Fact: Ice shelves in Greenland are melting quickly.Fact: Fourteen of the past 15 years have featured the world’s highest recorded temperature averages.

The question is whether these facts are humanity’s fault or if they’re natural processes, whether they’re dangerous to life on earth or not and whether or not we are going to do something about the situation.

Adding to the difficulty, according to Matthew Gray, a senior who took AP Environmental Science last year, is the fact that there are completely opposite hypotheses which claim to disprove the global warming theory.

With all of these cleverly worded, evidence-supported theories thrown every which way, Gray said, it’s hard to decide what to believe. After all, the term “global warming” alone has its misconceptions with people.

“Officially, ‘global warming’ is the warming of weather on a global scale,” Gray said. “But ‘climate change’ is actually a more accurate phrase. The world is heating up, but it’s also experiencing other events like droughts in some areas and flooding in others.”

Not only is the definition of global warming sometimes misunderstood, but the theories behind it can seem confusing as well.

“There are a lot of major theories about the subject,” senior Kyle Straub, who also took AP Environmental Science last year, said. “There’s the idea that people have nothing to do with (global warming), and that it’s simply a natural process the world is undergoing, and our releasing of (harmful) CO2 gases is just a coincidence.”

This idea is a reaction to the global warming theory, which states that the earth is heating up, by saying just the opposite. Those who believe this idea that humans don’t play a role believe that the globe has warmed and cooled on its own before and that it is just a natural process that has been seen before and will be seen again.

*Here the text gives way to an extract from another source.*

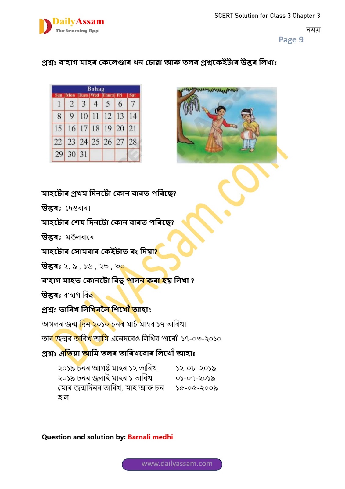 HomeClass 3 Maths SCERTSEBA Class 3 Mathematics Chapter 10 Solution | Assam Board Class 3 Mathematics Chapter 10 সময় (Time) Answer | 2025 -2026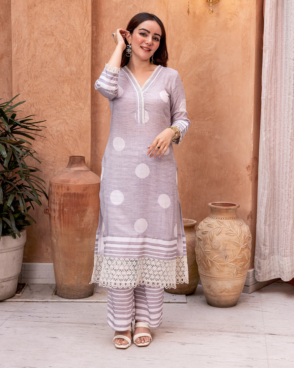 Grey Lace & Polka Kurta Set

However, according to Fran Rushing, AP Environmental Science teacher, the most popular idea about global warming is human acceleration.

Human acceleration, she said, states that while global warming is a natural process, humans’ large production of CO2 is speeding up the rate at which it is happening, which some scientists believe can and will be hazardous if it is left unchecked.

Regardless of blame, the Environmental Protection Agency (EPA) still recommends reducing energy as a way to help the globe be a healthier place and Gray said its important to stay involved.

Gray said, “Just having an opinion at all, your own opinion, is better than standing by and either letting people put words in your mouth or having no opinion at all.”